Robinson cannot talk about Heard’s case for legal reasons — the actor still faces a $50m defamation lawsuit brought by Depp in the US — but says Heard’s statement outside court “gave an insight into what it was like for her to be forced to come and speak about some of the most traumatic experiences of her life,” she says. “Amber is one of the most intelligent, hard-working women I have ever met.

“It was a sad reflection to me on our society that a woman who has made domestic violence allegations would require security to come in and out of court,” she adds. “We had people bang on the window of the car as we came through the secure entrance — they would shout at Amber and call her a liar and a gold-digger.”

She talks about the ways in which the law can be used to silence women when speaking about domestic violence. Robinson’s grandmother ran a women’s refuge in Sydney, and she recalls visiting as a 10-year-old, playing with the children and seeing the board in the kitchen where the women divided up their chores. “It made a great impact on me,” she says.

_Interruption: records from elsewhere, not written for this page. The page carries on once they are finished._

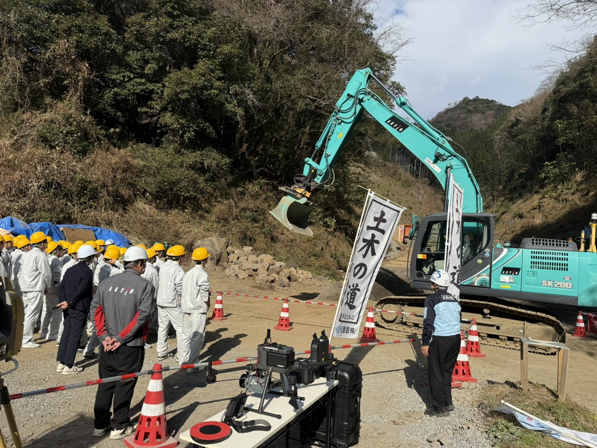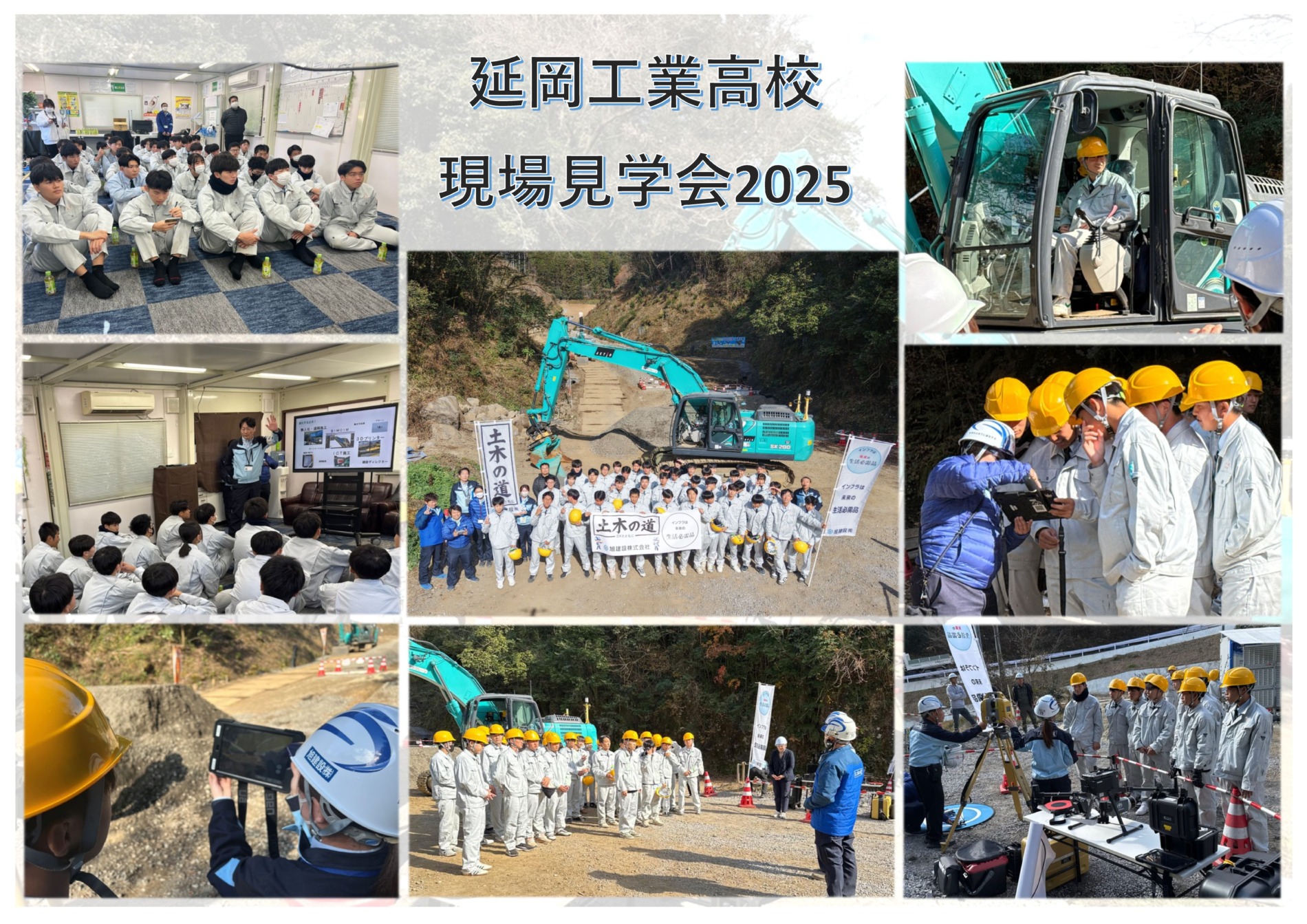 2025年12月16日12/11延岡工業高校1年生の現場見学会( ICT施工特別授業)開催!延岡工業高校1年生を対象とした現場見学会を開催しました!内容はICT(情報化施工)に関する座学から始まり、実際にMCチルトローテーターバックホウを見学他にも当社で使用している様々な機器を実際に使用して体験してもらいました(^^)
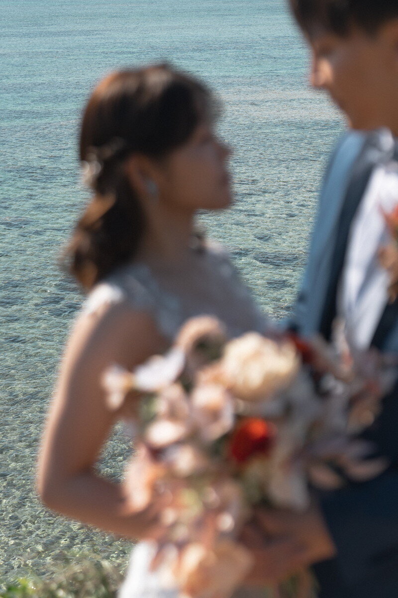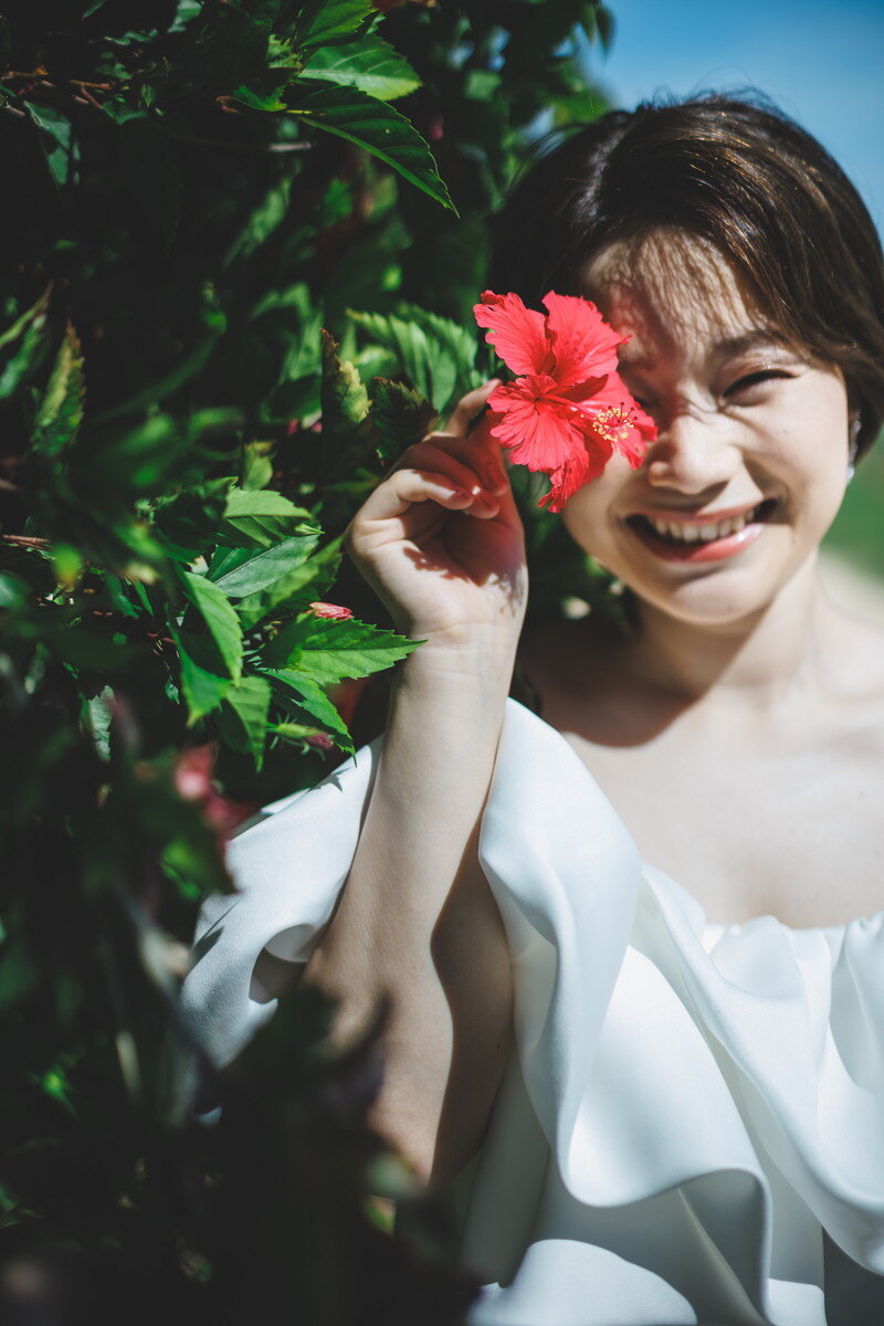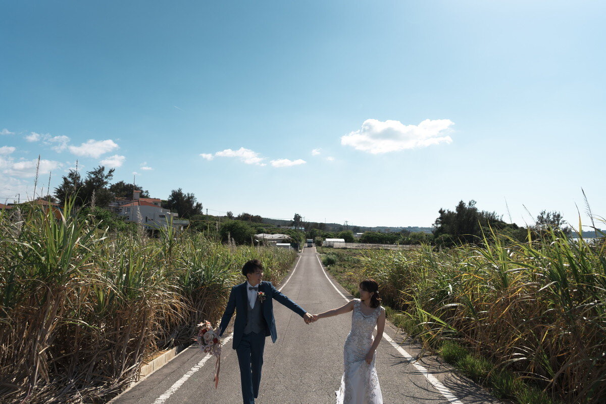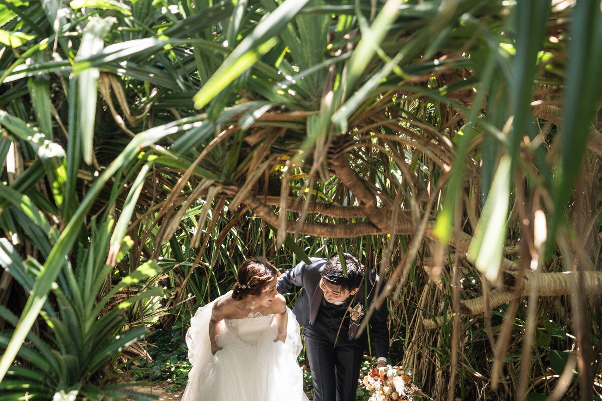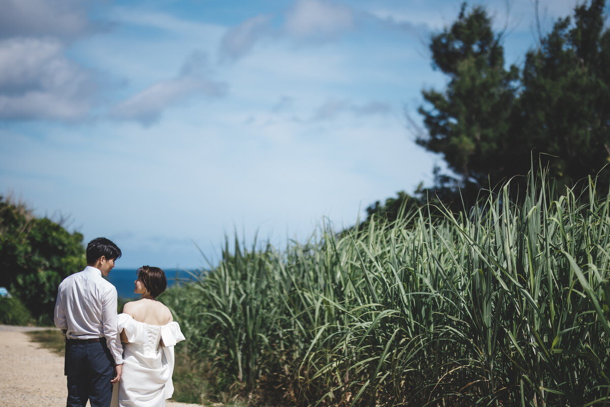沖縄本島でも数少ない、手つかずの自然が美しく残る ザネー浜。優しい波音だけが響く静かな浜辺は、まるで時がゆっくりと流れるような場所。透明感のある海とダイナミックな岩壁、素朴で力強い自然が、ふたりの瞬間をより深く印象的に映し出します。
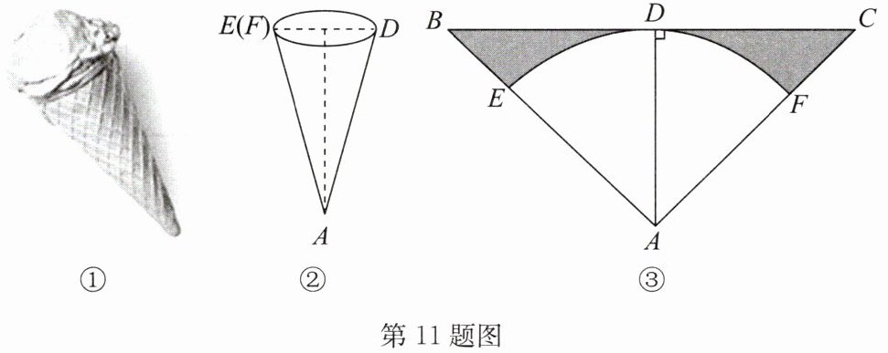 11. 如图①,某种冰激凌的外包装可以视为圆锥,如图②,它的底面圆直径$ED与母线AD长之比为1:2$. 制作这种外包装需要用如图③所示的等腰三角形材料,其中$AB = AC$,$AD\perp BC$. 将扇形$AEF$围成圆锥时,$AE$,$AF$恰好重合.
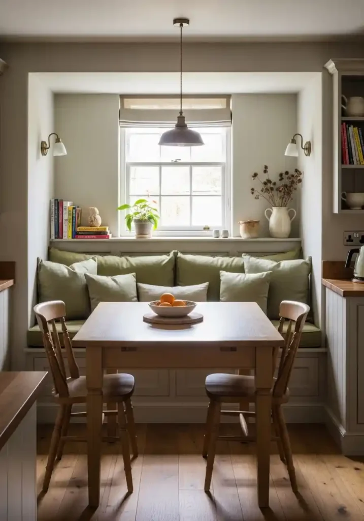 The deep cushions in warm sage green fabric on the built-in inglenook bench seat are the tactile detail that most completely fulfils the seating nook’s cozy promise — because the specific physical pleasure of sinking into a generously cushioned bench seat with proper back support and proper seat depth is so completely different from sitting on a conventional dining chair that the inglenook bench creates a quality of relaxed, comfortable, unhurried physical ease that makes every meal within it feel like an occasion worthy of extended, pleasurable lingering. The inglenook bench invites people to stay longer, to talk more, and to be genuinely, completely at home in the kitchen.

Robinson was “resistant to Twitter for a long time”, but now has a following of nearly 40,000 on the site. “Twitter can be a hostile place,” she says. “The online attacks in respect of Amber have been far worse than anything I experienced during the Assange case.”

We are both feeling the winter chill so I go inside to order coffees and get the bill. Even those who dislike Assange argue that the US’s use of the Espionage Act against him could criminalise investigative reporting. Monday’s ruling looks likely to spark a lengthy appeals process unless Assange receives a presidential pardon.

“I think there is an opportunity for the outgoing US president or the incoming US president to take a different approach and put an end to these proceedings,” Robinson says.

Such clemency seems unlikely, but as we don our face masks, sanitise our hands and head off, I reflect that much stranger things have happened over the past year.